Oh the anguish. She whispered “My Baby..” in Swahili and then began to thrash and scream. She shouted all of the normal questions that really have no answers. “Why my baby? Why me? I was not prepared for this! I want to die too..” I wrapped my arms around her and cried with her. In a moment like that, there really is nothing more that one can do. My heart broke with this family.
In my life I have had many pains. One of those pains included losing an unborn child myself. I did not carry this child to term as this mommy did. I have no idea if mine was a boy or a girl. But I do know the horror of having a doctor look you in the eye and tell you that what you believed and all you had hoped for would not be.
The passage in Second Corinthians, chapter 2 verses 3 to 4 comes to mind at a time like this. “All praise to the God and Father of our Lord Jesus Christ. He is the source of every mercy and the God who comforts us. He comforts us in all our troubles so that we can comfort others. When others are troubled, we will be able to give them the same comfort God has given us.” (NLT) I’ve always had mixed feelings about this passage. I ask myself why it is that any of us should need comfort in the first place? Why this horrible, inexplicable, pain and suffering that some are asked to endure? But in a moment like that moment last night, I find great comfort in the fact that I can truly look these parents in the eye and tell them “I know your pain. I know that it feels like you will just die from it. I have been there. I’m so sorry.”
The job of washing a little body whose soul has left is such a terrible, painful thing. But I did it. I helped the mother hold her son as she told him goodbye while at the same time hardly believing it could be possible. Her head to his forehead and the tears falling unchecked. I prayed with the family. I asked that God would be the God of all comfort and peace. That they would know His presence and have the assurance that their baby is in the presence of God himself. I looked both parents in the eye and said very clearly THIS IS NOT YOUR FAULT! I asked them to comfort and hold each other as they walk through this unspeakable pain.

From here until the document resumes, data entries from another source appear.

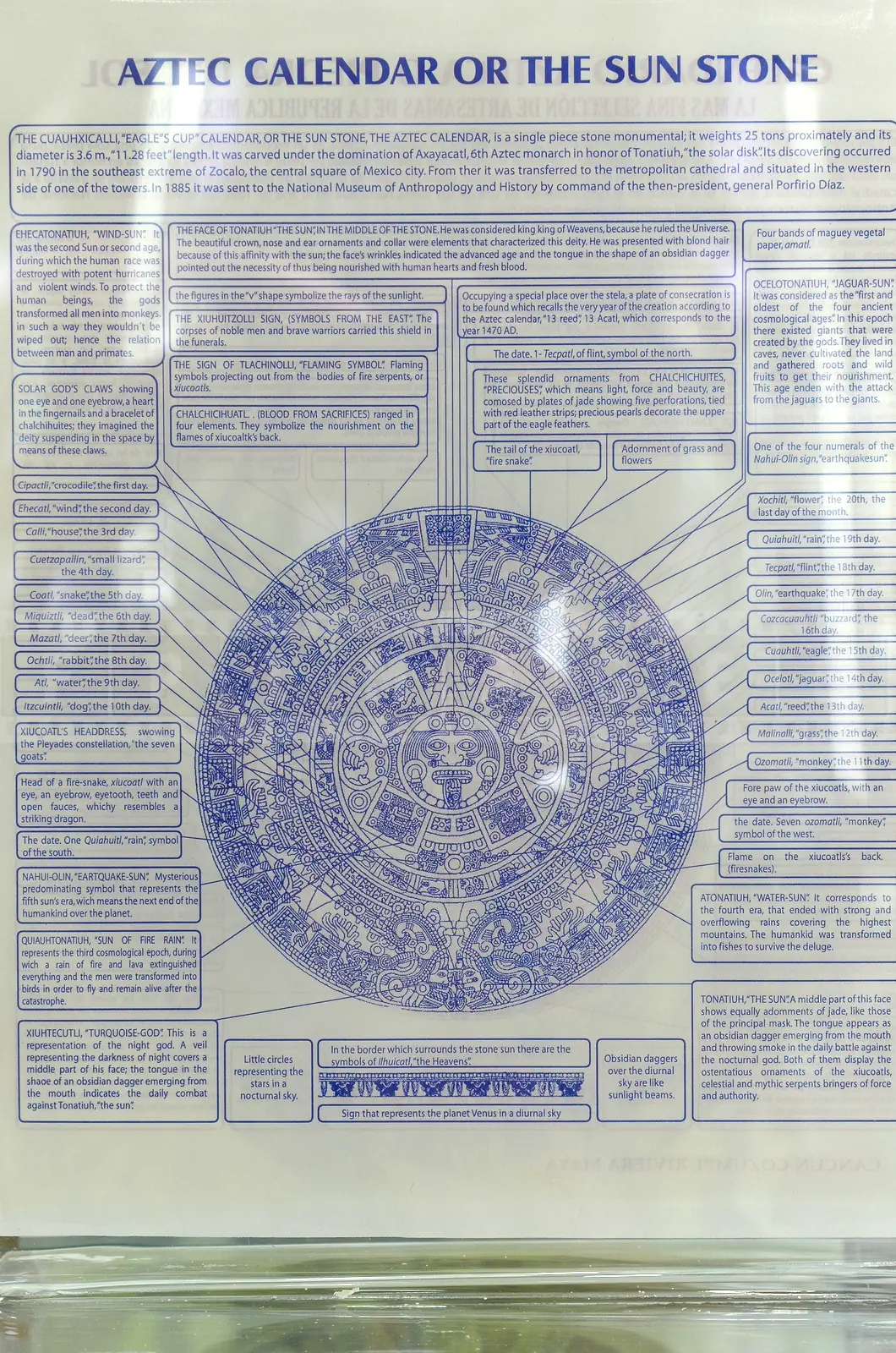 Large cruise ships docking at Puerto Maya Terminal, MexicoCarnival Liberty at the pier in Cozumel, MexicoGift shops with many ideas to bring back home – bags, hats, towels, cigars and liquor, to name a fewHistory and explanations of the Aztec calendar – The Sun Stone, discovered in Mexico CityMayan pyramid-shaped fountain creates a space to relaxThe bright yellow and blue architecture of the shopsNative Aztec art accents at the Purto Maya terminal in MexicoTourists shops are ready for the Christmas seasonXmas tree decor at the shopping plaza in CozumelColorful tables cloths are unique and special gift ideasMetal donkey street decoration near the gift shop
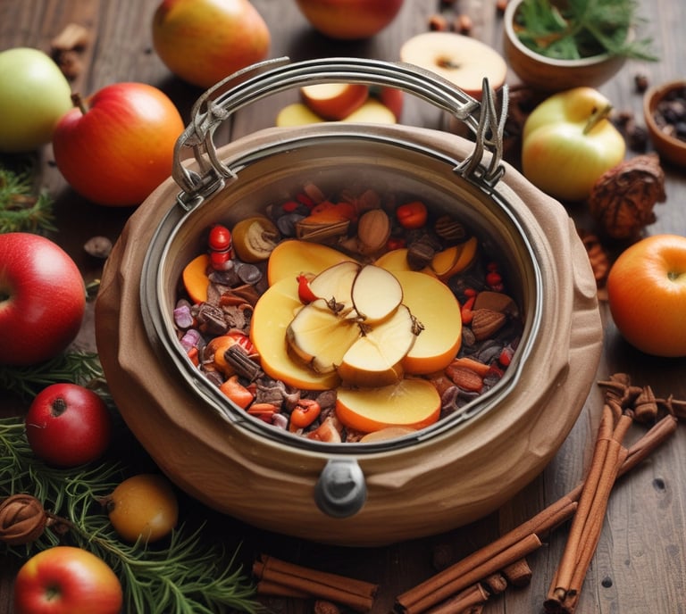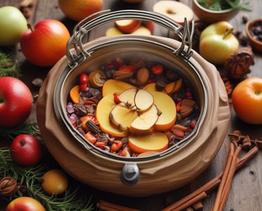 Simmer a stovetop potpourri. Apples, oranges, cinnamon sticks, and cloves, simple, natural, and divine.
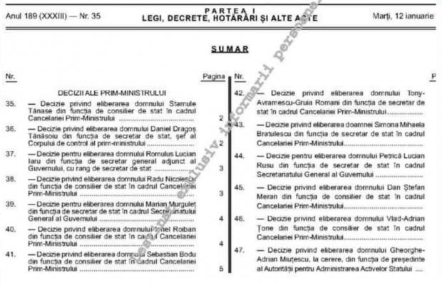 Cea mai cunoscută plecare din guvern, la cererea premierului interimar, este cea a lui Antonel Tănase, secretarul general al Executivului.
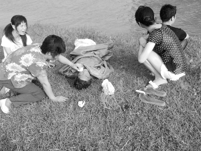 男孩溺水尸体浮上水面

As I left them, extremely early this morning, they were discussing where they would bury their son. In this area you bury your loved ones in your backyard. They had recently moved to the area and are renting a small house about twenty minutes away. They don’t have their own property where they can lay their son to rest.
My short night was restless as I tossed and turned in my bed. But when I came fully awake I was overwhelmed with thankfulness that I could be there to weep with this family. That I have the honor and the privilege of stepping into peoples lives during their most horrific and vulnerable times. That God can use me as His instrument of peace during times of storms and crises.